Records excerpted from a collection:
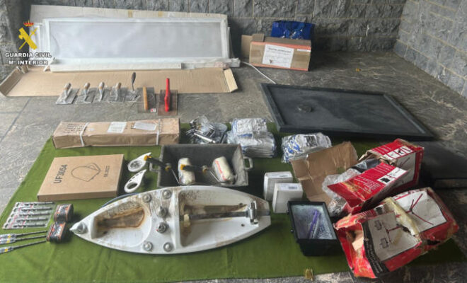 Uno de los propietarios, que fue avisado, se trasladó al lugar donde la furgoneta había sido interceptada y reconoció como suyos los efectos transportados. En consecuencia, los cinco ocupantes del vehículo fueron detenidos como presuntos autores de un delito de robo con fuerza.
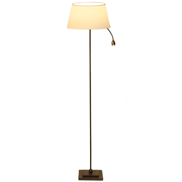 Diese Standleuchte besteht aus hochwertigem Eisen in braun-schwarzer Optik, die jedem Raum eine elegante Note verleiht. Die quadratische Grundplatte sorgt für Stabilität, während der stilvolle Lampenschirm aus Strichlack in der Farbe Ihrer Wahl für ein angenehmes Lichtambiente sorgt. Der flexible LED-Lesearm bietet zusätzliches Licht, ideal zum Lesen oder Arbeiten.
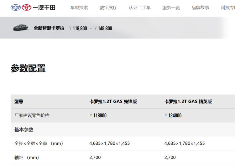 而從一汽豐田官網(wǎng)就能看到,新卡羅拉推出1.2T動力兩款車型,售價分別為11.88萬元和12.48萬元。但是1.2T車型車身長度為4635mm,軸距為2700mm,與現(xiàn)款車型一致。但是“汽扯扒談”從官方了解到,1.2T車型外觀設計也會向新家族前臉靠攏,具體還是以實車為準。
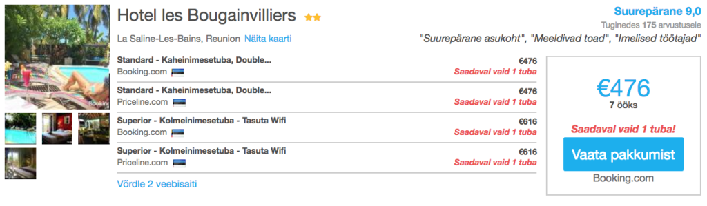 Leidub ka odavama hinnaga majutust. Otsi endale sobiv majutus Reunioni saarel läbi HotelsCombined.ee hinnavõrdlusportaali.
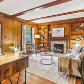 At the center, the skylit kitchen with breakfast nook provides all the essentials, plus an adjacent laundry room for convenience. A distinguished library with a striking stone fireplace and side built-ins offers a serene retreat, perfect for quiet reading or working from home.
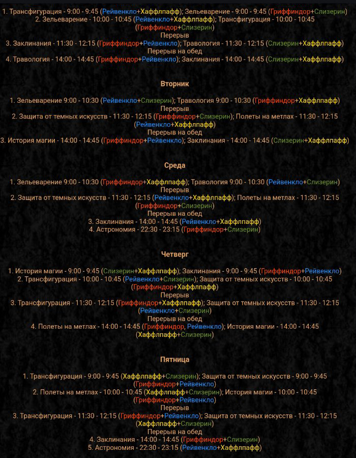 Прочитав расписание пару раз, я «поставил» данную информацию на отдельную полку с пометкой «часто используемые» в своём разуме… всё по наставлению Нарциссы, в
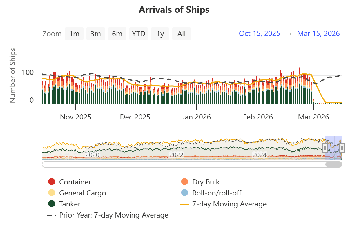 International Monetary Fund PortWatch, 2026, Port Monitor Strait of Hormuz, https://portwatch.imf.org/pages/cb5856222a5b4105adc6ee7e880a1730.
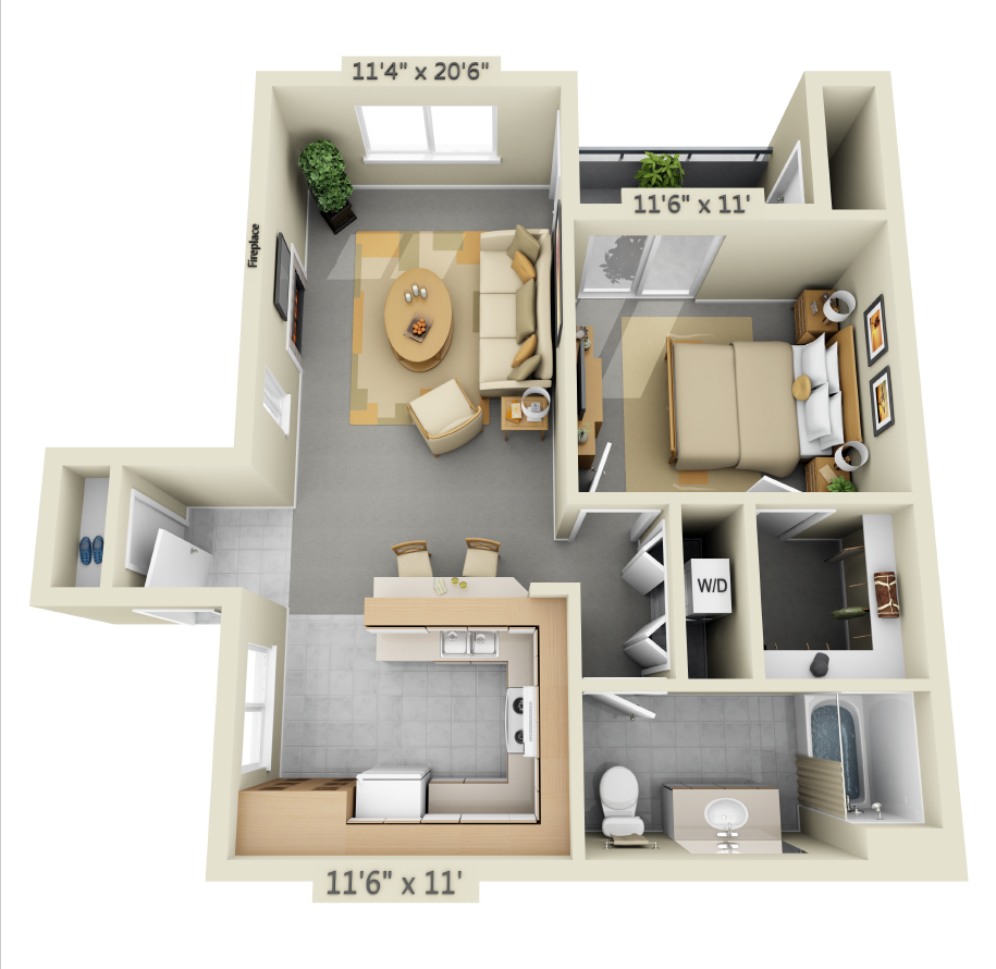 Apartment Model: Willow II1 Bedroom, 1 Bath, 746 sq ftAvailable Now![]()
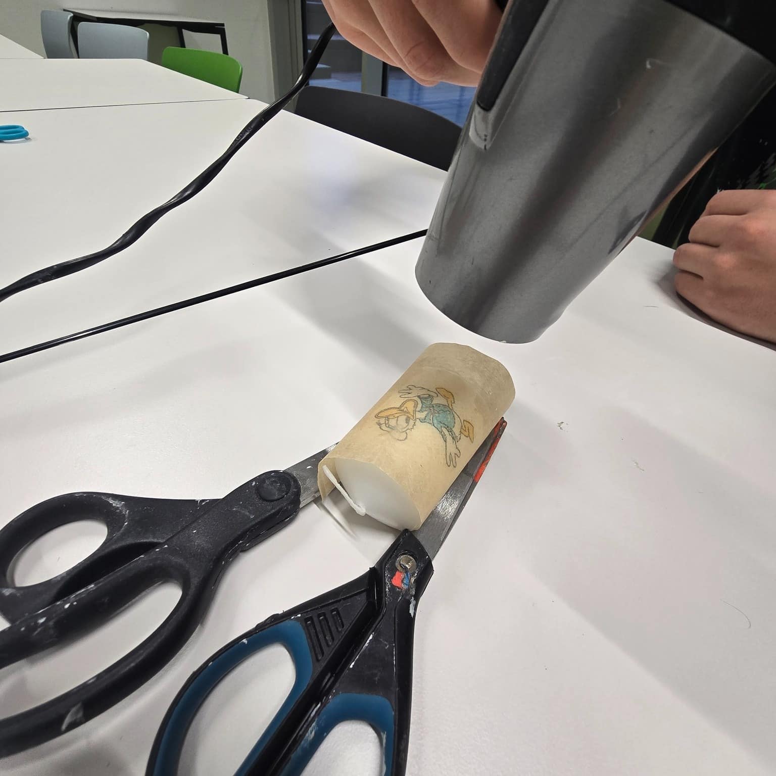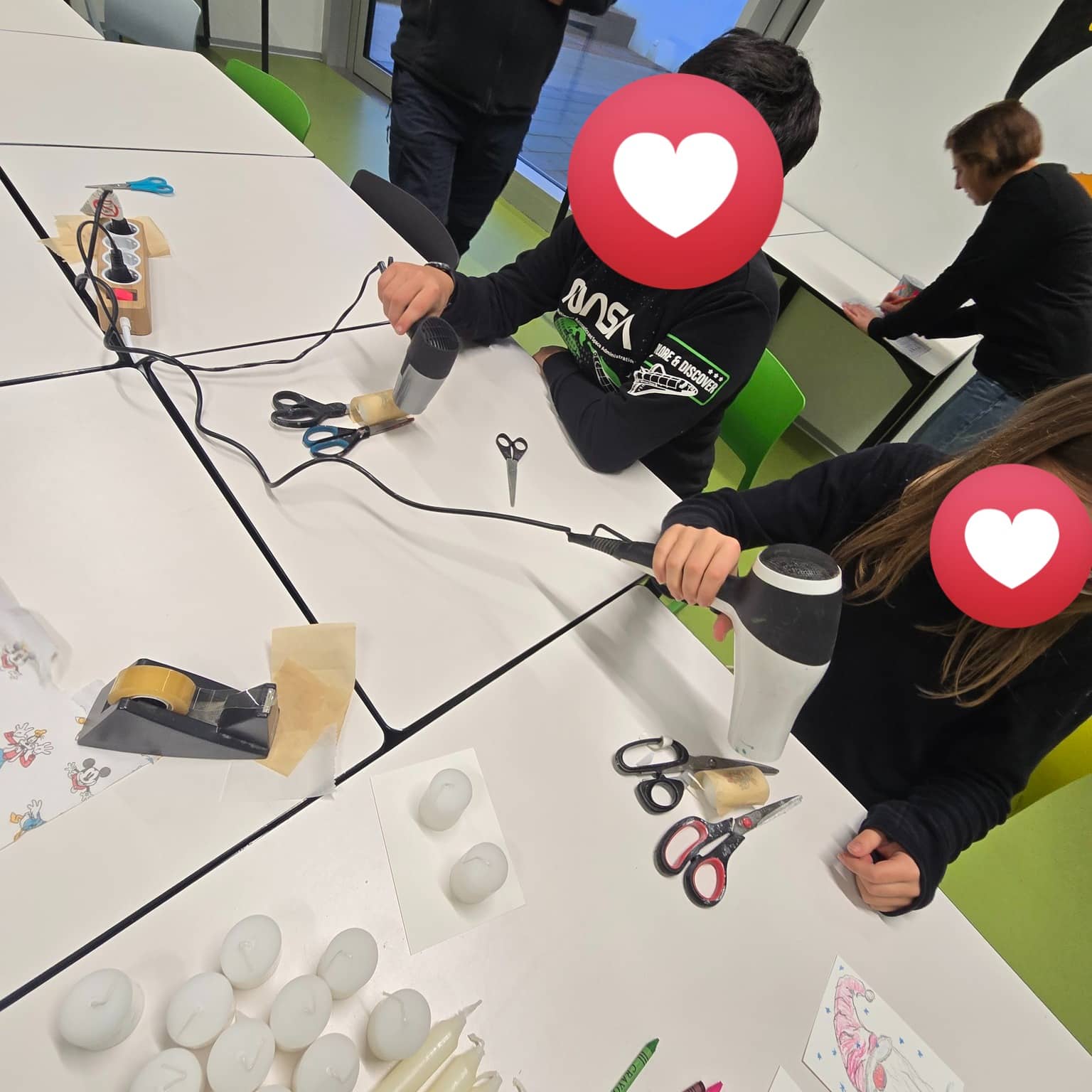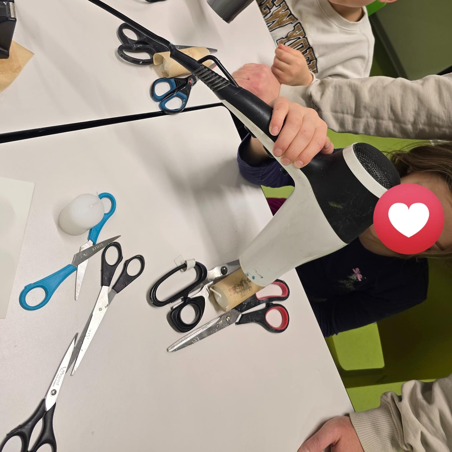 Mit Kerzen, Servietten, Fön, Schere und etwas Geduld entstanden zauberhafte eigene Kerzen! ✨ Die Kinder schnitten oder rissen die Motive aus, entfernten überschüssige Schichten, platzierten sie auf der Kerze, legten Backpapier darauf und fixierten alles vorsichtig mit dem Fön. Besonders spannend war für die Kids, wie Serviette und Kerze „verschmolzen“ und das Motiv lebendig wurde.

Work item: Print all the lines above again exactly, without any pictures.

Response area:
 Uno de los propietarios, que fue avisado, se trasladó al lugar donde la furgoneta había sido interceptada y reconoció como suyos los efectos transportados. En consecuencia, los cinco ocupantes del vehículo fueron detenidos como presuntos autores de un delito de robo con fuerza.
 Diese Standleuchte besteht aus hochwertigem Eisen in braun-schwarzer Optik, die jedem Raum eine elegante Note verleiht. Die quadratische Grundplatte sorgt für Stabilität, während der stilvolle Lampenschirm aus Strichlack in der Farbe Ihrer Wahl für ein angenehmes Lichtambiente sorgt. Der flexible LED-Lesearm bietet zusätzliches Licht, ideal zum Lesen oder Arbeiten.
 而從一汽豐田官網(wǎng)就能看到,新卡羅拉推出1.2T動力兩款車型,售價分別為11.88萬元和12.48萬元。但是1.2T車型車身長度為4635mm,軸距為2700mm,與現(xiàn)款車型一致。但是“汽扯扒談”從官方了解到,1.2T車型外觀設計也會向新家族前臉靠攏,具體還是以實車為準。
 Leidub ka odavama hinnaga majutust. Otsi endale sobiv majutus Reunioni saarel läbi HotelsCombined.ee hinnavõrdlusportaali.
 At the center, the skylit kitchen with breakfast nook provides all the essentials, plus an adjacent laundry room for convenience. A distinguished library with a striking stone fireplace and side built-ins offers a serene retreat, perfect for quiet reading or working from home.
 Прочитав расписание пару раз, я «поставил» данную информацию на отдельную полку с пометкой «часто используемые» в своём разуме… всё по наставлению Нарциссы, в
 International Monetary Fund PortWatch, 2026, Port Monitor Strait of Hormuz, https://portwatch.imf.org/pages/cb5856222a5b4105adc6ee7e880a1730.
 Apartment Model: Willow II1 Bedroom, 1 Bath, 746 sq ftAvailable Now![]()
 Mit Kerzen, Servietten, Fön, Schere und etwas Geduld entstanden zauberhafte eigene Kerzen! ✨ Die Kinder schnitten oder rissen die Motive aus, entfernten überschüssige Schichten, platzierten sie auf der Kerze, legten Backpapier darauf und fixierten alles vorsichtig mit dem Fön. Besonders spannend war für die Kids, wie Serviette und Kerze „verschmolzen“ und das Motiv lebendig wurde.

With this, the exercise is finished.